Письмо отца Ася читала не в присутствии Михаила Никифоровича — с испугом пробежав первую строчку, молча ушла в другую комнату, закрылась на ключ и там затихла.
Константин, не без колебания решивший показать письмо, хмуро прислушиваясь, сбоку поглядывал на дверь и машинально подливал водку Михаилу Никифоровичу — после магазинов ужинали в десятом часу вечера.
Михаил Никифорович, довольный покупками, согретый до пота водкой, которую пил безотказно, устроясь на диване среди разложенных вещей, пакетов с сахаром, кульков и свертков, вытирал платком осоловелое лицо, возбужденно обострял слипающиеся глаза, борясь с дремотой.

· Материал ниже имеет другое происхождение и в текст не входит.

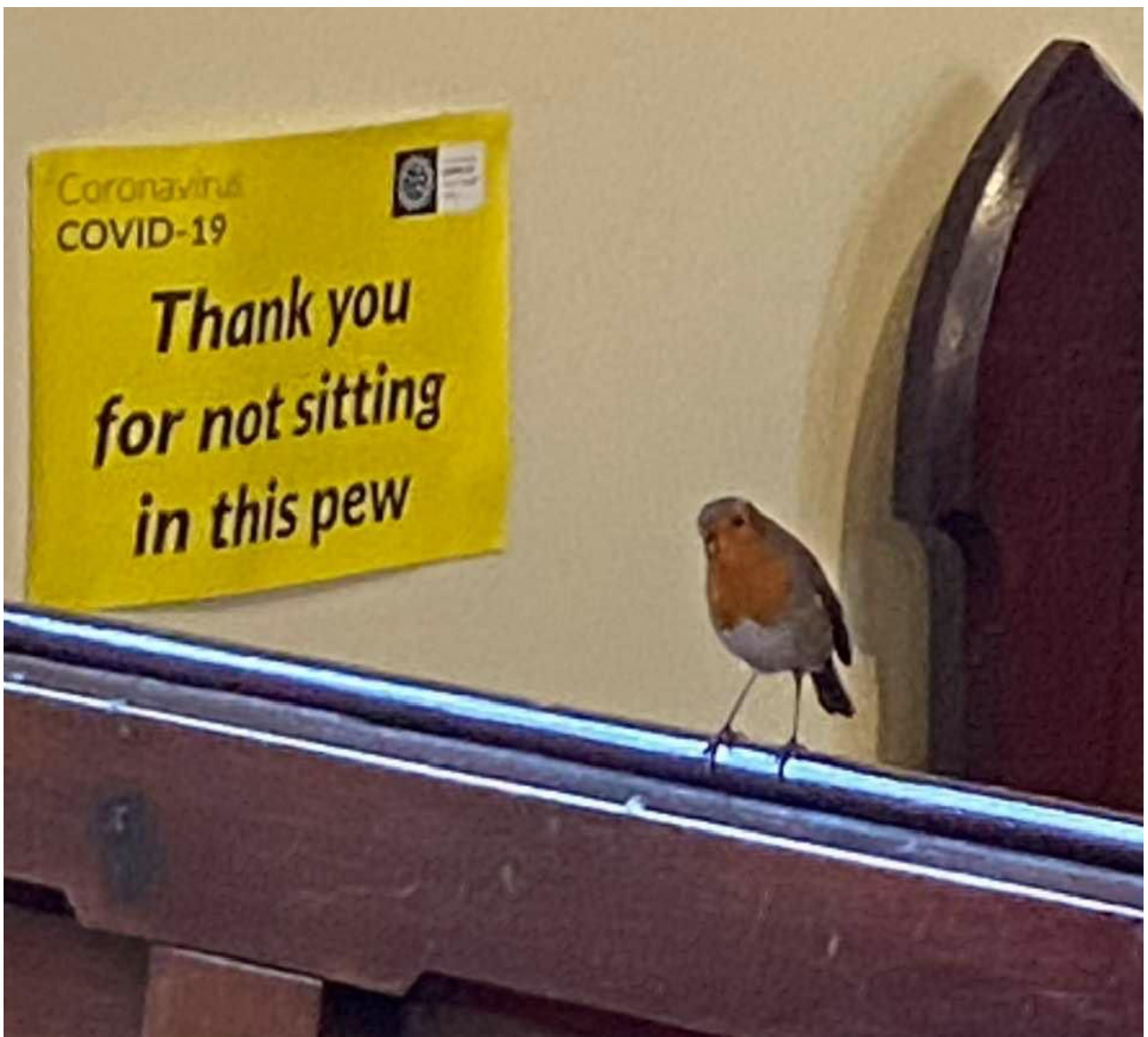
Image of the day - Just visiting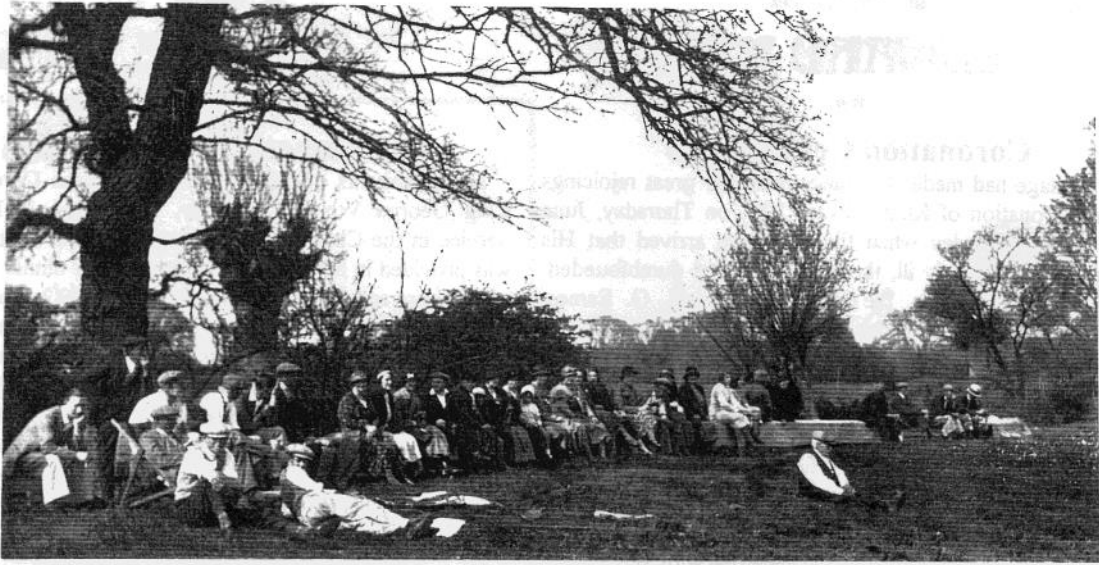
Watching the Cricket Match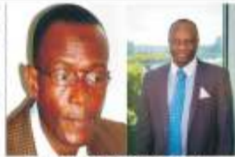
Both ReNIP & NDA flagbearers

ReNIP, NDA leaders disassociate from claims of aligning with SLPP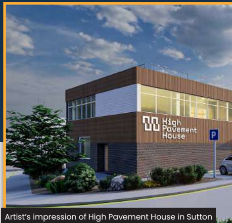
Artist's Impression of High Pavement House in Sutton

The project has been approved and will now progress to the detailed design and planning stage. The building will accommodate new changing facilities, and storage for water sports activities at the site. This will sit alongside a new space for a commercial operator to develop a restaurant offer on the first floor. The project forms part of the Towns Fund investment to boost visitor attractions in the District and to provide more opportunities for residents.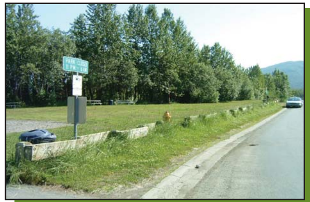
Neighbors are concerned about the park entry appearance

— Дети, конечно, за родителев страдают, — говорил, прочищая горло кашлем, Михаил Никифорович. — И женщины, жены то есть. А разве они виноваты? Скажем, отец супротив власти делов наворотил, а они слезьми умываются.
«Каких же делов наворотил Николай Григорьевич?» — хотелось усмехнуться Константину и жестокими, как удары, словами объяснить, рассказать о честности Николая Григорьевича, о давних взаимоотношениях его с Быковым; и когда он думал о Быкове, что-то нестерпимо злое, бешеное охватывало его. «Быков, — думал он, плохо слыша Михаила Никифоровича. — И Ася, и Сергей, и Николай Григорьевич, и я — все Быков, все от него… И это письмо, и надзиратель. И Николай Григорьевич — враг народа. Что докажешь! Да Быков… Нет, и от него, и не от него. Очная ставка — знали, кого вызывали! Ах, сволочь! Что же это происходит? Зачем? Очная ставка? И поверили ему, хотели ему поверить!..»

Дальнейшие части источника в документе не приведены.